Supplied material:
|---|

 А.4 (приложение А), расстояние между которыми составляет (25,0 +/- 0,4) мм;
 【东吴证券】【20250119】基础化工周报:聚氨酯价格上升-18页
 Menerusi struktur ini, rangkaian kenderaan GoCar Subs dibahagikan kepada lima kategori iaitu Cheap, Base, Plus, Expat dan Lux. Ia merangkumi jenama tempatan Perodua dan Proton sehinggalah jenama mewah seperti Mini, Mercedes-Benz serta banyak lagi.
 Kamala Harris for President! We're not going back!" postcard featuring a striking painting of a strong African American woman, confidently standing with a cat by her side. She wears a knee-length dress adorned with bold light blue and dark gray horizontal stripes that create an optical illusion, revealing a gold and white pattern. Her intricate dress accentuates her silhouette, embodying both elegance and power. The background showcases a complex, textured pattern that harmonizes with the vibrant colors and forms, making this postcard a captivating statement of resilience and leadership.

|---|

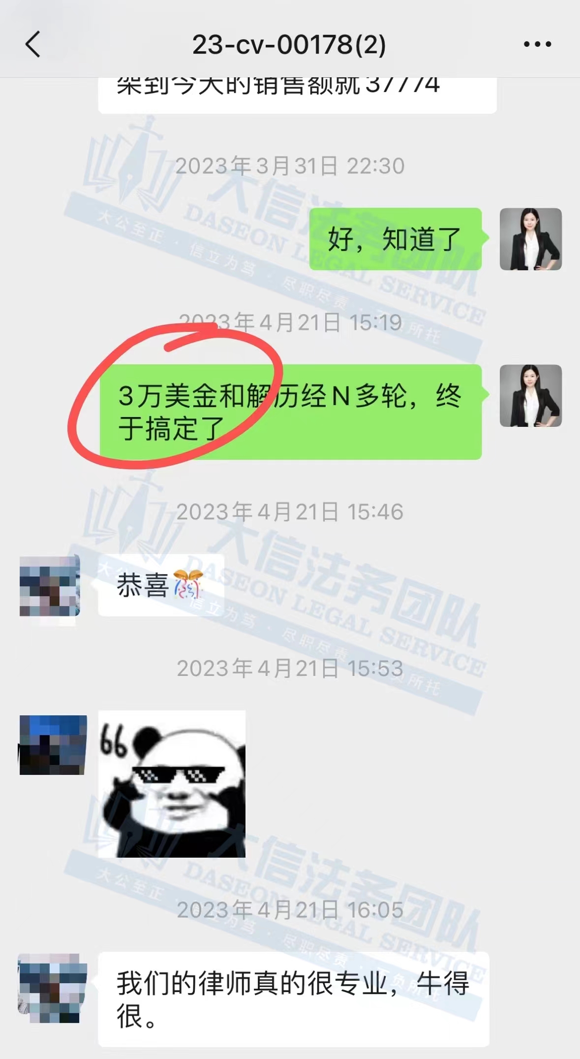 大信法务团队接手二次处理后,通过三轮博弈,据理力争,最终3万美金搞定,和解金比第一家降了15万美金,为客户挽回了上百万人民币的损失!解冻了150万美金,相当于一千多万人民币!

|---|

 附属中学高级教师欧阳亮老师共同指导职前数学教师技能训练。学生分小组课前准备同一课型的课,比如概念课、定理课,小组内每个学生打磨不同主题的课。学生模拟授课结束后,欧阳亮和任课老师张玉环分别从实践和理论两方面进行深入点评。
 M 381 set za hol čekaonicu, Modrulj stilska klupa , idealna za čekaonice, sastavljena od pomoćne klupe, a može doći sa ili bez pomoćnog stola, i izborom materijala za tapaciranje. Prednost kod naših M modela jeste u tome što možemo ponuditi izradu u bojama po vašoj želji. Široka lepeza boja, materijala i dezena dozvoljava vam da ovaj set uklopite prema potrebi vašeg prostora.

|---|

Problem statement: From the records above, copy only the lines starting with the line that holds "А.4 (приложение А), расстояние" and going on through the line that holds "Kamala Harris for", exactly as written.

Task result:
 А.4 (приложение А), расстояние между которыми составляет (25,0 +/- 0,4) мм;
 【东吴证券】【20250119】基础化工周报:聚氨酯价格上升-18页
 Menerusi struktur ini, rangkaian kenderaan GoCar Subs dibahagikan kepada lima kategori iaitu Cheap, Base, Plus, Expat dan Lux. Ia merangkumi jenama tempatan Perodua dan Proton sehinggalah jenama mewah seperti Mini, Mercedes-Benz serta banyak lagi.
 Kamala Harris for President! We're not going back!" postcard featuring a striking painting of a strong African American woman, confidently standing with a cat by her side. She wears a knee-length dress adorned with bold light blue and dark gray horizontal stripes that create an optical illusion, revealing a gold and white pattern. Her intricate dress accentuates her silhouette, embodying both elegance and power. The background showcases a complex, textured pattern that harmonizes with the vibrant colors and forms, making this postcard a captivating statement of resilience and leadership.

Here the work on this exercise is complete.